- **Exercise**:
In this exercise, print only the lines of the records below from the one with "DM0000: The mark" through the one with "Far-right provocateur Walker", inclusive. Pictures are not part of the copy.

===

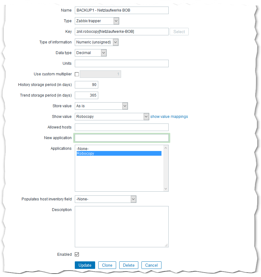Gesendet werden die Daten an den Host der in der Konfigurationsdatei definiert sind - mit dem Item-Key znil.robocopy[Netzlaufwerke-BOB].
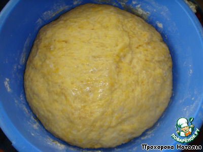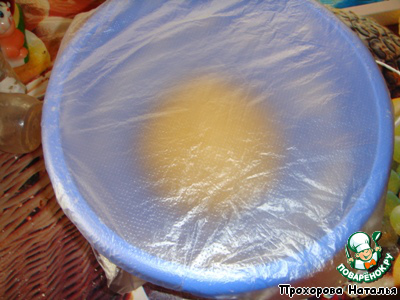 Скатать из теста шар, обмазать растительным маслом. И поставить подходить (часа на 2-3), накрыв пленкой и поставив в теплое место.
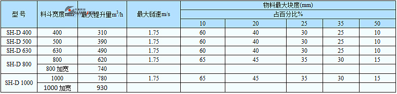 SH-D為單排單鏈,提升量自310立方米/小時(shí)-780立方米/小時(shí)。
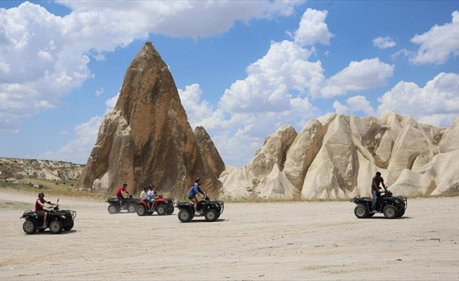 Tatil için Kapadokya'yı tercih eden bazı konuklar açık hava müzeleri ve ören yerlerini ziyaret ederken bazıları da doğal kaya oluşumlarıyla kaplı arazilerde at ve ATV araçlarla düzenlenen turlara katılıyor.
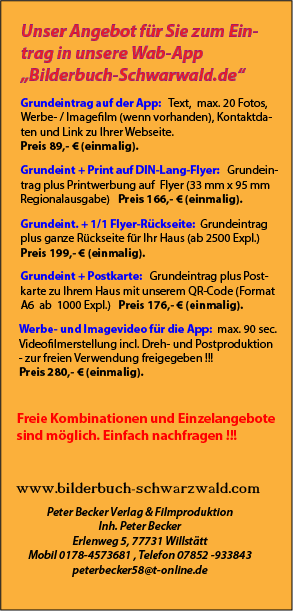 Ihr Eintrag auf unserer Web-App und Bilderbuch-Schwarzwald.com kostet:
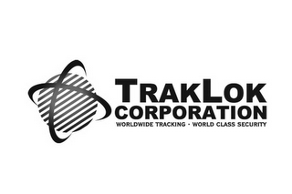 DM0000: The mark consists of the stacked words "TRAKLOK CORPORATION" and "Worldwide Tracking . World Class Security" on three lines. To the left of the text is a design of a circle consisting of alternating lines with two curved lines criss-crossed over the circle.
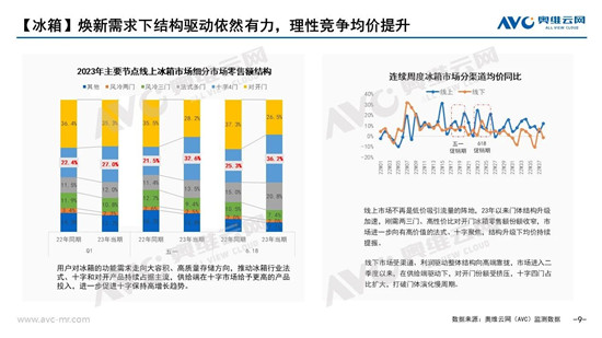 据奥维云网(AVC)监测数据,23年1-37周线上市场小冷冻柜市场累计零售量285.5万台,同比下滑3.2%,大冷冻柜累计销量79.1万台,同比增长0.5%,考虑到去年同期高基数,今年的需求状态在预期内。从供给端来看,企业货源储备充足,避免了去年同期无货可买的状态,但目前存在高强度价格竞争,线上小冷冻柜年累计均价881元,同比下滑4.2%,大冷冻柜均价1510元,同比下滑1.9%,在持续的价格竞争下,结构下行、零售额规模缩减。双节促销期要要警惕过渡内卷带来的价值破坏。
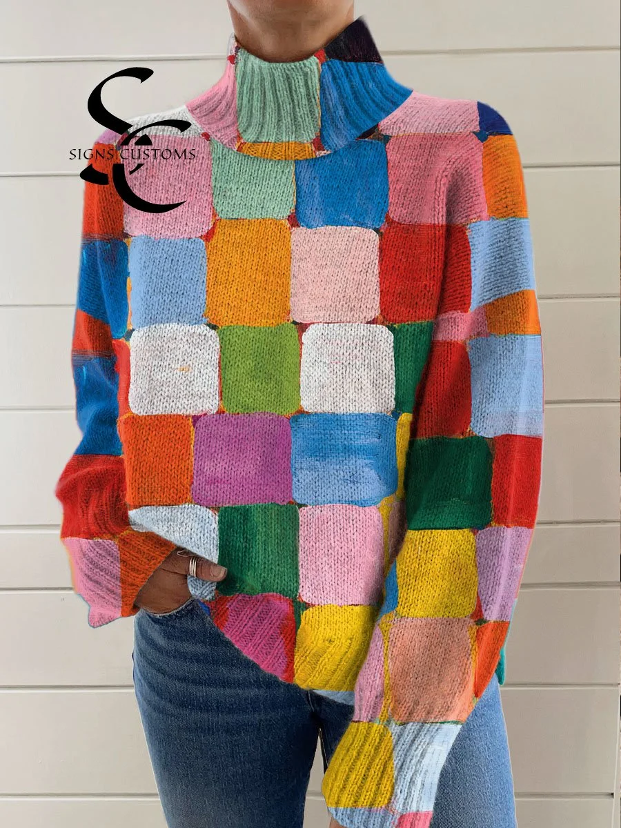 Women's Art Color Plaid Print Knit Turtleneck Pullover Sweater
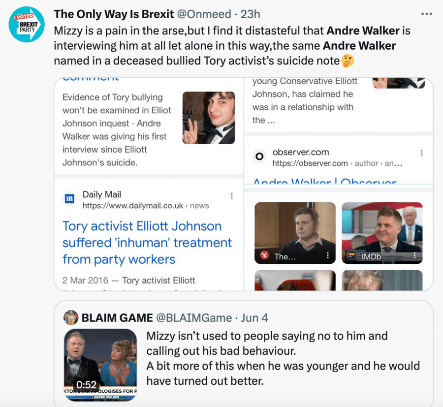 Far-right provocateur Walker – whose career ‘highlights’ have included being forced to resign as a political aide after being exposed smearing colleagues in 2010 and for his connections with the Tatler Tory Mark Clarke and events that culminated in the suicide of another activist named Elliott Johnson in 2015 – himself went viral ‘Mizzy-style’ in June 2017.
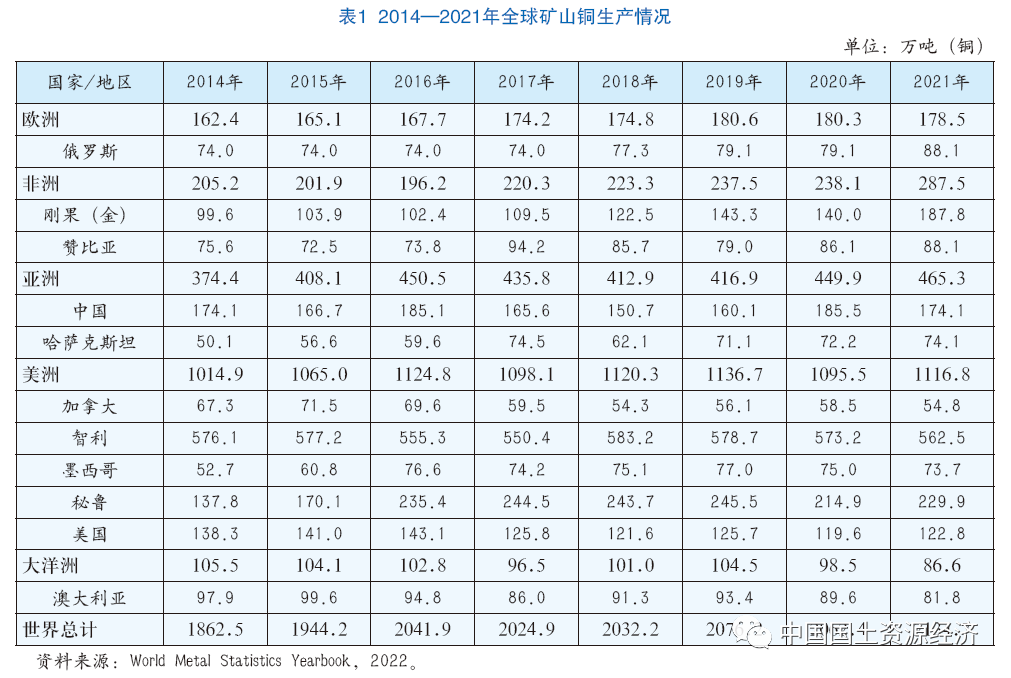 據(jù)《世界金屬統(tǒng)計》數(shù)據(jù),2021年全球礦山銅總產(chǎn)量為2134.7萬噸,較2020年增長3.5%。美洲是全球礦山銅生產(chǎn)的核心區(qū),2021年產(chǎn)量為1116.8萬噸,占全球總產(chǎn)量的52.3%,其中智利、秘魯是驅(qū)動美洲穩(wěn)產(chǎn)的主要力量,2021年兩國的產(chǎn)量分別為562.5萬噸、229.9萬噸,分別占全球總產(chǎn)量的26.4%、10.8%。隨著我國礦山銅產(chǎn)量的增加,2021年亞洲的礦山銅產(chǎn)量達(dá)到465.3萬噸,約占全球總產(chǎn)量的21.8%。其中,我國產(chǎn)量為174.1萬噸,占全球總產(chǎn)量的8.2%。此外,全球其他礦山銅產(chǎn)量大國還包括俄羅斯、剛果(金)、贊比亞、美國、哈薩克斯坦等國家,這些國家2021年的礦山銅產(chǎn)量與2020年相比均有不同程度的增加(表1)。從未來趨勢看,隨著新建、擴(kuò)建產(chǎn)能的陸續(xù)釋放,非洲礦山銅產(chǎn)量還將保持增長態(tài)勢,但是改變不了美洲作為全球最大銅精礦生產(chǎn)基地的格局。

===

- **Answer space**:
 DM0000: The mark consists of the stacked words "TRAKLOK CORPORATION" and "Worldwide Tracking . World Class Security" on three lines. To the left of the text is a design of a circle consisting of alternating lines with two curved lines criss-crossed over the circle.
 据奥维云网(AVC)监测数据,23年1-37周线上市场小冷冻柜市场累计零售量285.5万台,同比下滑3.2%,大冷冻柜累计销量79.1万台,同比增长0.5%,考虑到去年同期高基数,今年的需求状态在预期内。从供给端来看,企业货源储备充足,避免了去年同期无货可买的状态,但目前存在高强度价格竞争,线上小冷冻柜年累计均价881元,同比下滑4.2%,大冷冻柜均价1510元,同比下滑1.9%,在持续的价格竞争下,结构下行、零售额规模缩减。双节促销期要要警惕过渡内卷带来的价值破坏。
 Women's Art Color Plaid Print Knit Turtleneck Pullover Sweater
 Far-right provocateur Walker – whose career ‘highlights’ have included being forced to resign as a political aide after being exposed smearing colleagues in 2010 and for his connections with the Tatler Tory Mark Clarke and events that culminated in the suicide of another activist named Elliott Johnson in 2015 – himself went viral ‘Mizzy-style’ in June 2017.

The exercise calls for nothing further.